*** EXCERPTED DATA
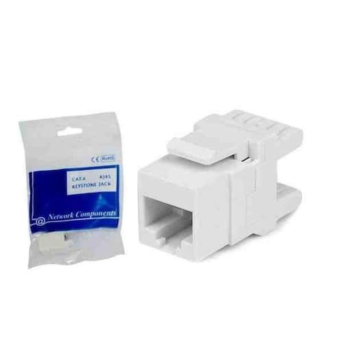 Keystone Jack Cat6 Rj45 Branco Seccon Descrição: Keystone RJ45 (08x08) Cat.6, fêmea 180 Padrão de crimpagem: 568A e 568B Tampa traseira cor cristal transparente. Embalagem: Saco plástico para pendurar contendo uma peça. Matéria Prima: Corpo de plástico: Policarbonato Terminal interno: Cobre revestido de estanho Terminal IDC: Cobre revestido de estanho
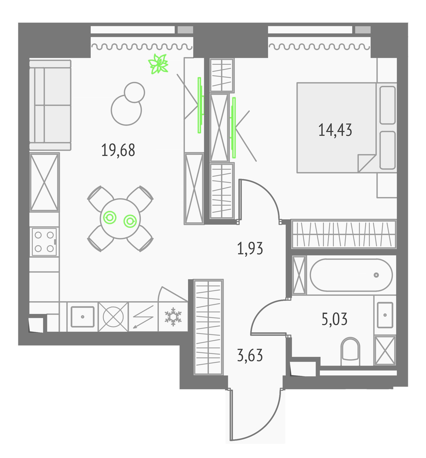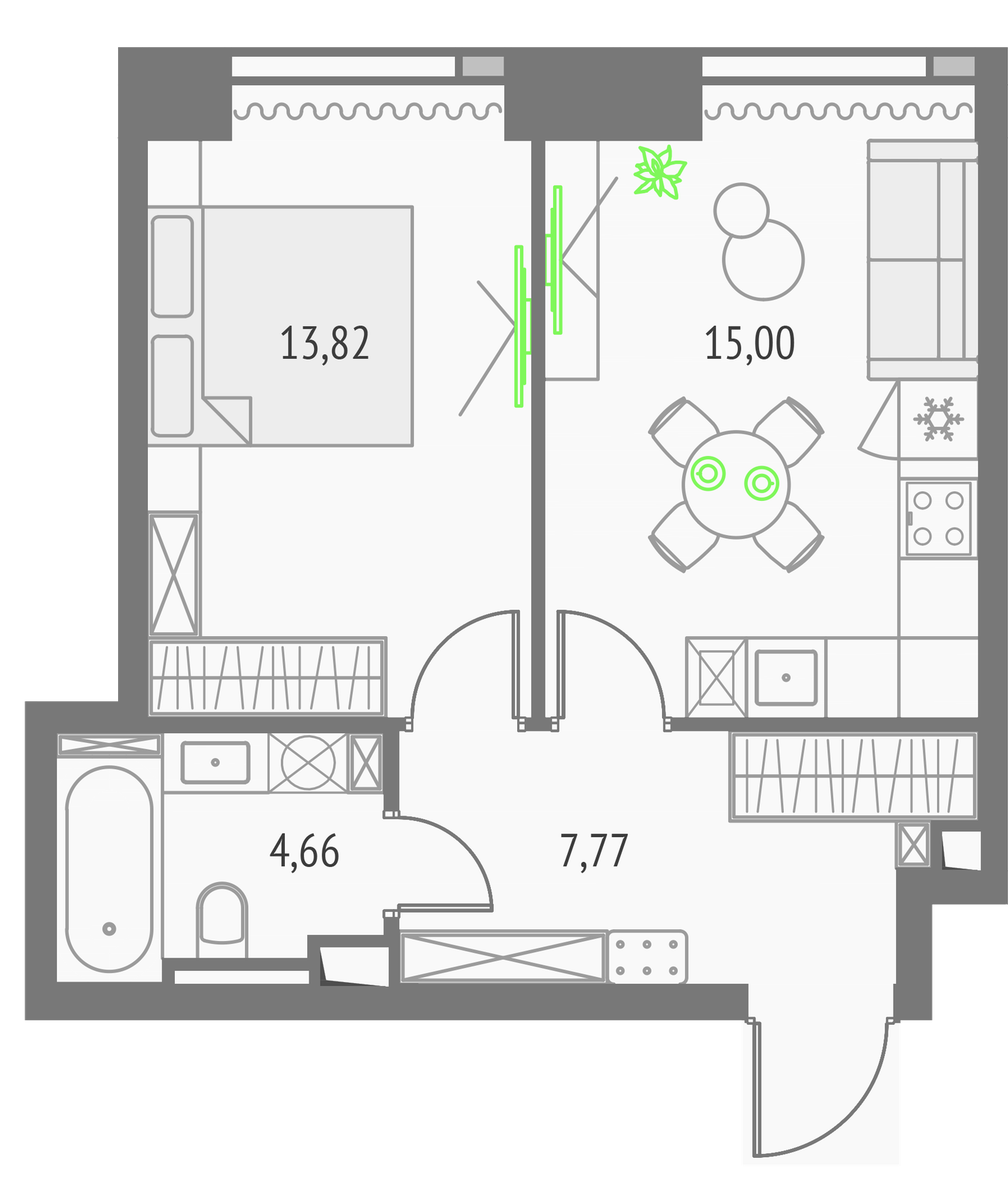 Стартовали скидки 15% на готовые квартиры с отделкой. Теперь купить однокомнатную квартиру 44 кв. м можно с выгодой до 1,7 млн рублей.
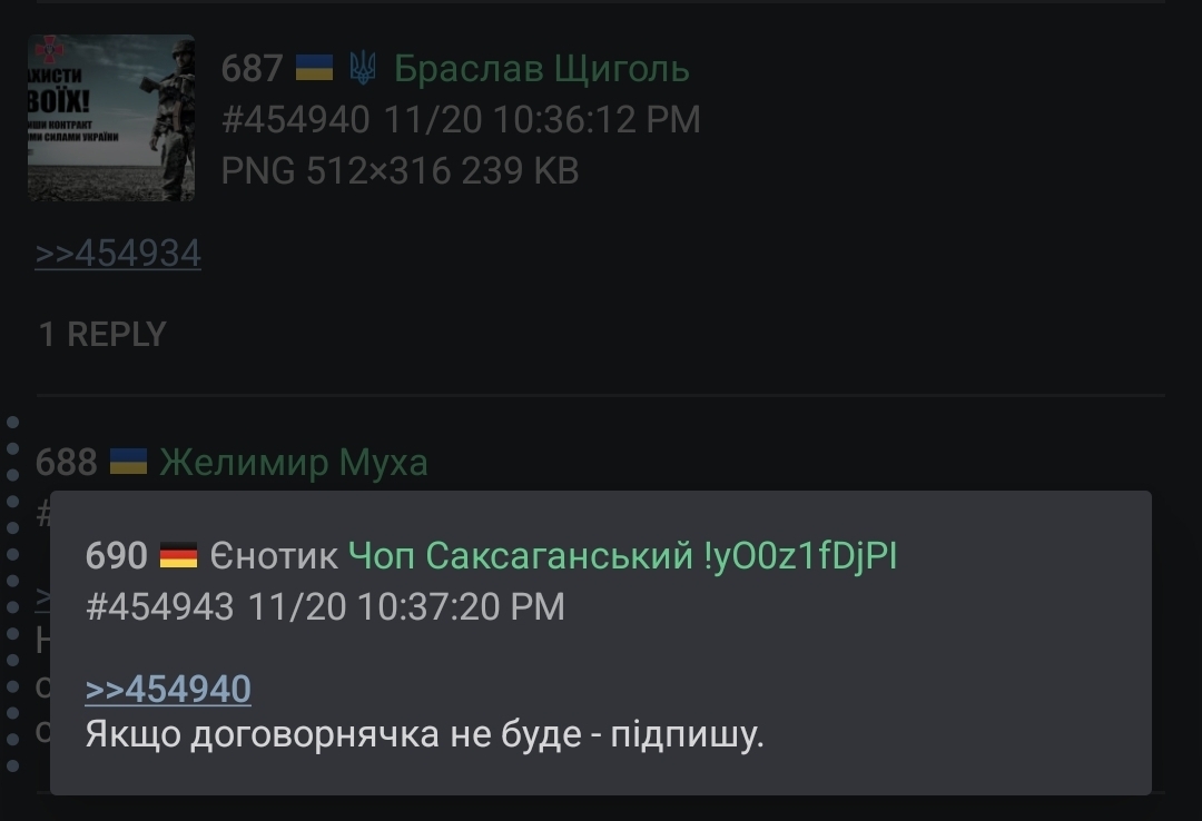 Пимен Скридло 03.04.26 Fri 12:38:35 № 497130 >>497122Ну якщо ти хочеш по закону, то твоя >повістка [вимога] про виконання обов’язку (обов’язків) військовозобов’язаним, резервістомвважається врученною коли у поштовому відділенні проставили відмітку про неможливість врученняhttps://zakon.rada.gov.ua/laws/show/3633-20
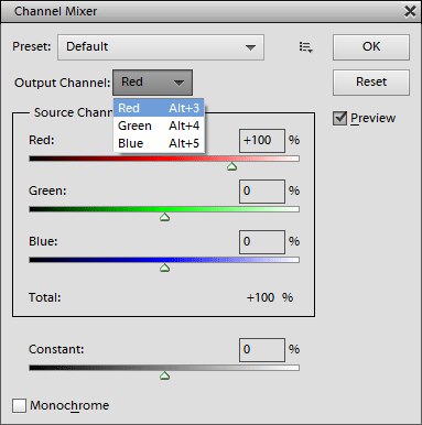 The Channel Mixer recomposes each color channel of an RGB image by blending the three RGB channels according to certain percentage values, which produces color effects. Additionally if the Monochrome check box is activated, you are able to create a black & white effect that is defined by a mix of the three color channels.
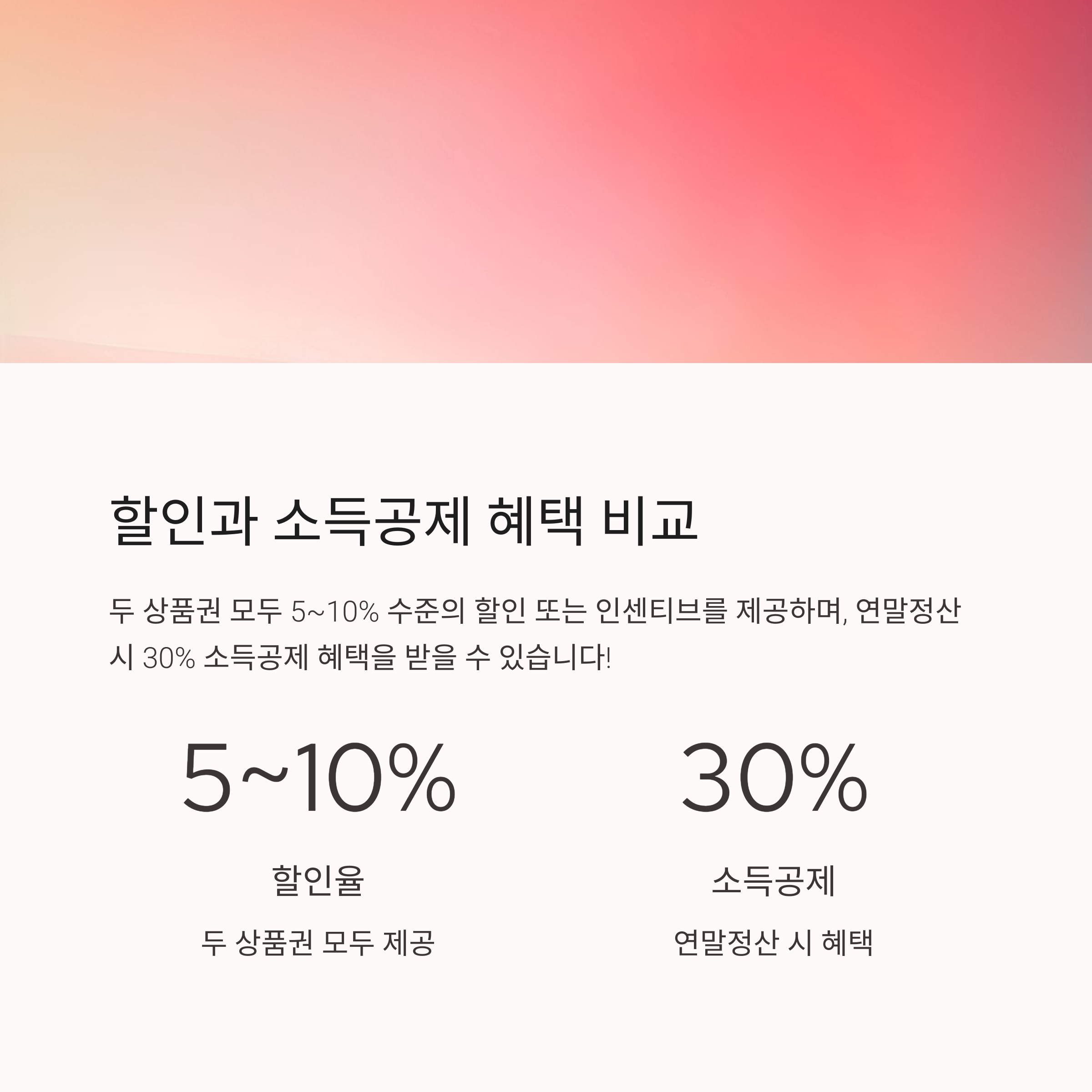 돈을 아낄 수 있다는 점에서는 둘 다 큰 매력이 있죠! 할인율과 소득공제 혜택은 어떻게 다를까요?
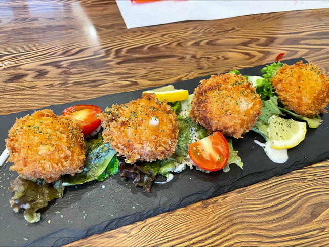 揚げたてアツアツの「手造りずわい蟹のくりぃむコロッケ」。蟹の身がたくさん入っていて、別で注文していた、カニ味噌にディップしても最高でした。
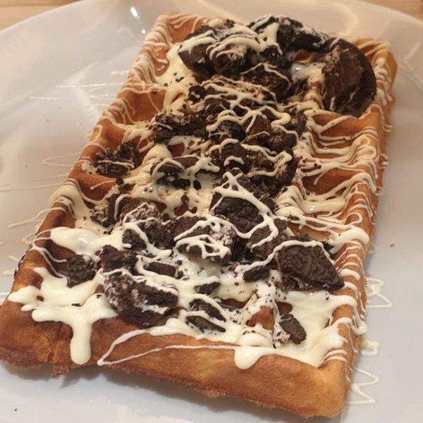 Heiße Waffeln mit weiße Schokolade & Oreo
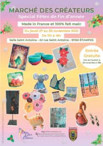 Le marché des créateurs vous accueillera du 27 au 30 novembre 2026 de 11h à 18h à la salle Saint Antoine à Etampes.
******
_TASK GOAL_.
Reproduce, word for word, every line from the start of the records down to and including the line with "Пимен Скридло 03.04.26"; skip the pictures.

_SOLUTION_.
 Keystone Jack Cat6 Rj45 Branco Seccon Descrição: Keystone RJ45 (08x08) Cat.6, fêmea 180 Padrão de crimpagem: 568A e 568B Tampa traseira cor cristal transparente. Embalagem: Saco plástico para pendurar contendo uma peça. Matéria Prima: Corpo de plástico: Policarbonato Terminal interno: Cobre revestido de estanho Terminal IDC: Cobre revestido de estanho
 Стартовали скидки 15% на готовые квартиры с отделкой. Теперь купить однокомнатную квартиру 44 кв. м можно с выгодой до 1,7 млн рублей.
 Пимен Скридло 03.04.26 Fri 12:38:35 № 497130 >>497122Ну якщо ти хочеш по закону, то твоя >повістка [вимога] про виконання обов’язку (обов’язків) військовозобов’язаним, резервістомвважається врученною коли у поштовому відділенні проставили відмітку про неможливість врученняhttps://zakon.rada.gov.ua/laws/show/3633-20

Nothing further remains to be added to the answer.